Diamonds that have a distinct body colour when seen in the face-up position are known as coloured diamonds. The hues brown and yellow are the ones that occur most often in naturally-coloured diamonds. They are also often graded against the typical 4Cs. Pinks, blues, oranges, greens, reds, and violets are traditionally rarer and are graded with another type of report.

When it comes to lab grown coloured diamonds, the stones start off having a yellowish undertone. Specific colours are then created by adding subtle amounts of impurities (the premise of how coloured diamonds are formed – even the mined ones). The colour is determined by the length of time the heat is applied, the temperature maintained during the process, and the specific impurities included.

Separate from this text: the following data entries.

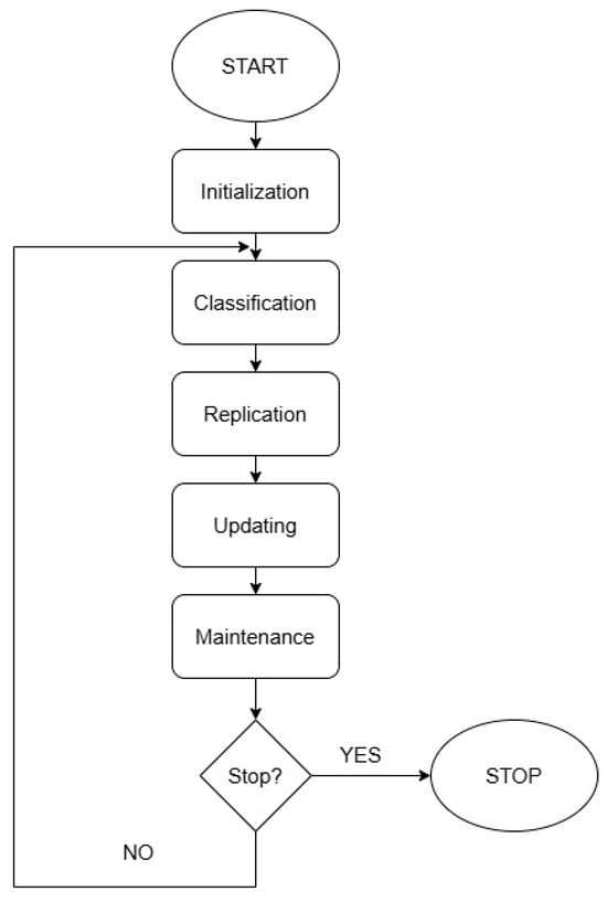 The first population of viruses is created in the initialization process (Figure 6). The following step is the random generation of the initial viruses. Viruses are classified as either strong (SVs) or common (CVs). During the replication procedure, a certain number of new viruses (NVs) are created from both strong and common members of the population. The newly generated viruses are calculated according to the following equations:
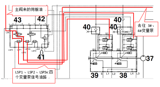 考慮到大臂起升和大臂伸出都需要4個(gè)變量柱塞泵同時(shí)工作(該機(jī)型配置4個(gè)變量柱塞泵),隨后啟動(dòng)機(jī)車(chē),測(cè)試大臂伸出動(dòng)作,發(fā)現(xiàn)大臂伸出動(dòng)作也較緩慢,初步判斷4個(gè)變量泵工作異常。變量泵工作異常,可能為泵內(nèi)部問(wèn)題或變量泵信號(hào)油路異常。
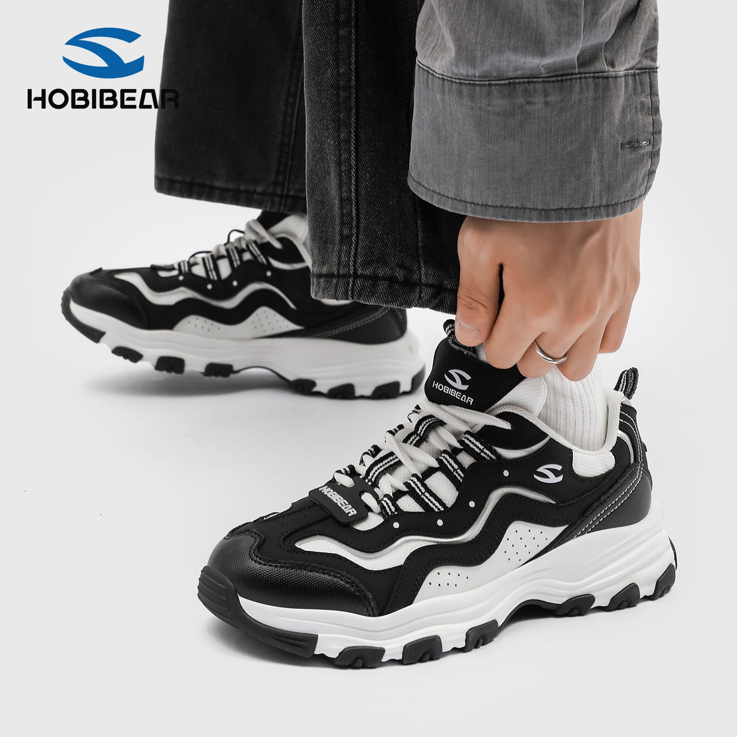 男女同款 百搭运动鞋 情侣运动休闲黑白经典 时尚 老爹鞋 斯凯奇熊猫鞋
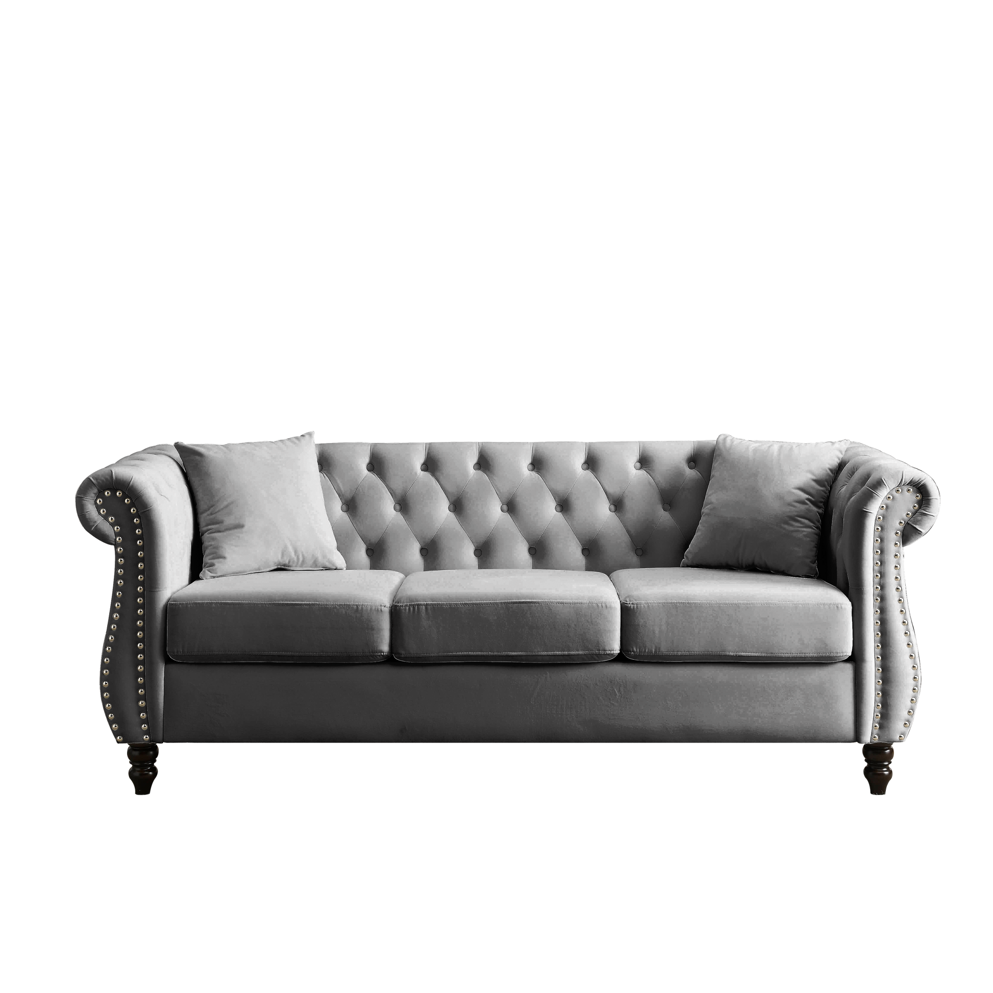 - Classic Chesterfield style with rolled arms and tufted buttons

How are coloured diamonds graded?

The GIA uses a scale that ranges from D to Z. Although they all have varying degrees of hue, D-Z diamonds are nevertheless colourless. Diamonds with natural fancy colours, such as pink, red and blue, are evaluated using a different colour scale than colourless diamonds.

The GIA uses hue, tone, and saturation to describe colour. The term "hue" refers to the colour of the diamond itself, whereas "tone" describes the colour in terms of its relative brightness or darkness, and "saturation" describes the colour in terms of its depth or intensity.

A fancy colour grader chooses one of 27 colours by using carefully controlled viewing settings and colour comparisons. After making their selection, they define the tone and saturation of the colour with terms such as fancy light, fancy intense, and fancy vivid.

Coloured Diamonds

Below are some of the coloured diamond options, how they are made and what they represent.


Pink Diamonds

Even though the colour of most diamonds may be rationally explained, researchers are still working out how exactly the pink colouration of a diamond comes about. They think that the pink hues of diamonds are created by a plastic-styled deformation that occurs due to tremendous natural pressures that the diamond experienced when it was being stored deep below the surface of the planet. This implies that they did not begin the process of becoming pink throughout their development, which is one of the reasons why pink diamonds are among the rarest of all fancy coloured diamonds. In a lab environment, this means adding additional pressure to give off the pink colour.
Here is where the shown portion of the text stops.